III. Unitarismo godo y su ruina
Después de Orosio ocurre la desmembración del Imperio romano de Occidente en varios reinos germánicos. Importante fue para robustecer el unitarismo claudicante del pueblo ibérico, el hecho de que, en el tiempo de las invasiones, los últimos emperadores encomendasen la pacificación de España a los visigodos, que eran los germanos más romanizados, enteramente poseídos de la idea romana del Estado como fautor del bien y la justicia para la total comunidad de los súbditos, idea superior al particularismo dominante en los demás gobernantes bárbaros. Esos godos, siendo aun arrianos, contrarios al catolicismo de los hispanorromanos, unificaron políticamente la península entera, y sólo algunos años más tarde la unificaron espiritualmente por su conversión al catolicismo.
A partir de Leovigildo, la fuerza del sentimiento nacional que el unitarismo del Estado godo despertaba, se observa al ver cómo la rebelión de San Hermenegildo contra su padre arriano es reprobada aun por el clero católico, que tenía que sufrir persecuciones por parte de los poderes públicos (1).
Ese sentimiento nacional logra después una entusiasta expresión literaria bajo la pluma de San Isidoro: En toda la extensión del mundo, desde su confín oriental en la India hasta su extremo occidental, la sacra madre España es la tierra más hermosa y feliz, incomparable en sus riquezas naturales, patria de insignes príncipes; ella, después de unida a la vencedora fortaleza romúlea ha celebrado nuevo feliz desposorio con el florentísimo y glorioso pueblo de los godos.

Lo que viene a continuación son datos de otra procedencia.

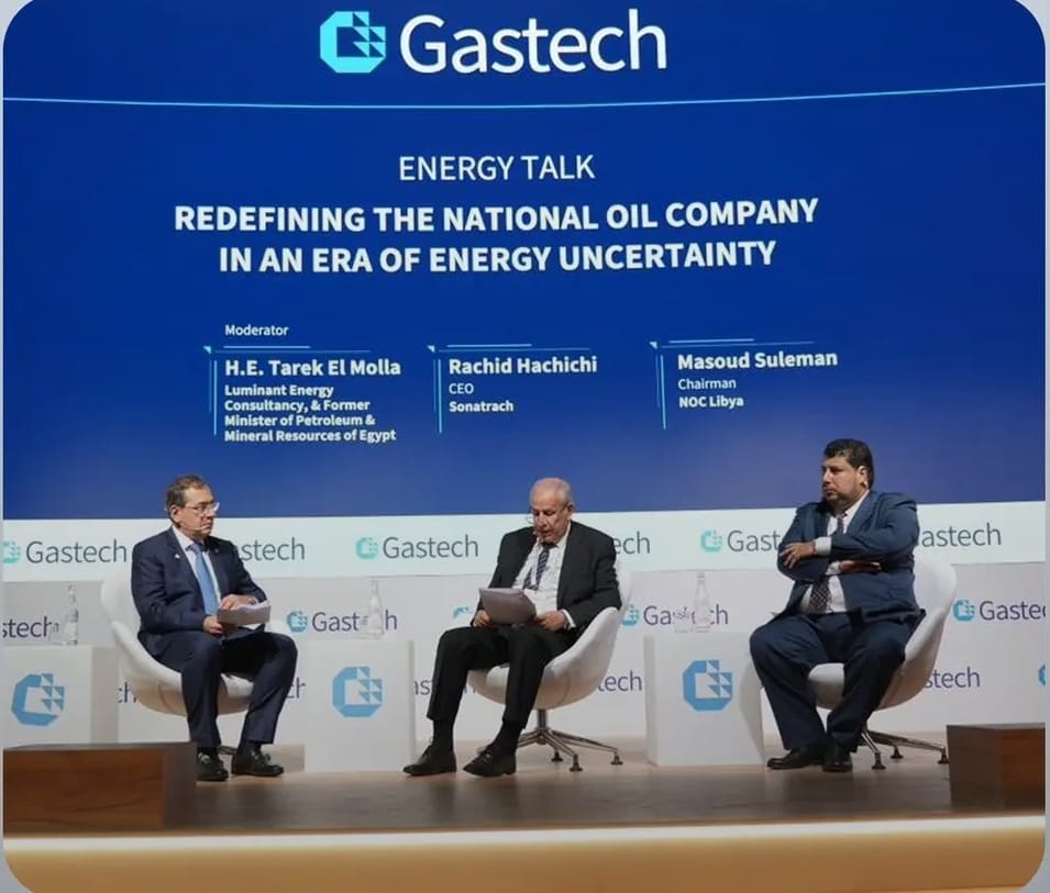 شارك رئيس مجلس إدارة المؤسسة الوطنية للنفط، المهندس مسعود سليمان في إثراء جلسة حوارية حول مستقبل الطاقة في شمال أفريقيا في ظل التحديات الراهنة وضمان إمدادات الغاز للسوق العالمية، ضمن مشاركته في مؤتمر تقنيات الغاز المنعقد في ميلانو

El concepto de esta España romano-goda, unitaria, tan altamente iniciada por Orosio, tan elocuentemente exaltado por San Isidoro, nunca dejó de estar presente en los espíritus durante los siglos siguientes, siendo ambos autores muy leídos durante toda la Edad Media.
No obstante, ese concepto sufre oscurecimiento. Después de la época floreciente de Leovigildo y de San Isidoro (siglos IV y VII), el reino godo decae en una despedazadora lucha partidista, y el partidismo llega a oscurecer el sentimiento nacional. Uno de los partidos trae en su auxilio a los musulmanes; y al convertirse éstos de auxiliares en invasores, faltó toda posibilidad de cohesión ante el peligro. Se produjo la desbandada, el sálvese quien pueda y como pueda. Los hijos del penúltimo rey, Vitiza, se contentan con mantener la posesión de sus 3.000 cortijos patrimoniales, confirmadas por los invasores; Teodomiro obtiene otro pacto especial en Orihuela; diversos señores poderosos y hábiles se arreglaron para conservar sus haciendas, su religión, sus leyes, y no se preocuparon del resto del país; todavía en el siglo XI, un señor aragonés se jactaba de que sus abuelos y él habían vivido independientes de los califas de Córdoba y de los reyes de Aragón, “quia libertas nostra antiqua est”; ante la ruina de España, esos poderosos señores saturados de individualismo, no se desvivían por otra cosa sino por sacar a salvo su libérrima libertad. La insociabilidad Ibérica había brotado por todas partes como lacra que, al decaer las fuerzas invade todo el cuerpo enfermo.
Algún foco de resistencia combativa que se organizó, el de Asturias, peleaba aislado y débil. Nadie se interesaba por su vecino. El mozárabe que, en Toledo, lleno de dolor, redactaba una extensa crónica el año 754, no dice una palabra de Pelayo ni de Alfonso I; quizá ni sabía de ellos, o no le importaba las audaces guerras e incursiones que desde Asturias promovían.
(1) Leovigildo (573-586), último rey arriano, representaba para todos los hispanos el gran rey que había dado unidad política al reino godo, de ahí el juicio adverso a la rebelión de su primogénito Hermenegildo (579-584). Juan, abad Biclarense, aunque perseguido por Leovigildo, trata, en su crónica, a Hermenegildo como rebelde tiránico contra su padre (Hermenegildus tyrannidem assumens…) y lo mismo San Isidoro (…). A pesar de que el papa San Gregorio Magno llama mártir a Hermenegildo, la opinión española y la de Gregorio de Tours le fue adversa; véase Z. García Villada (Historia eclesiástica de España II, primera parte, 1932. Pág. 53-57).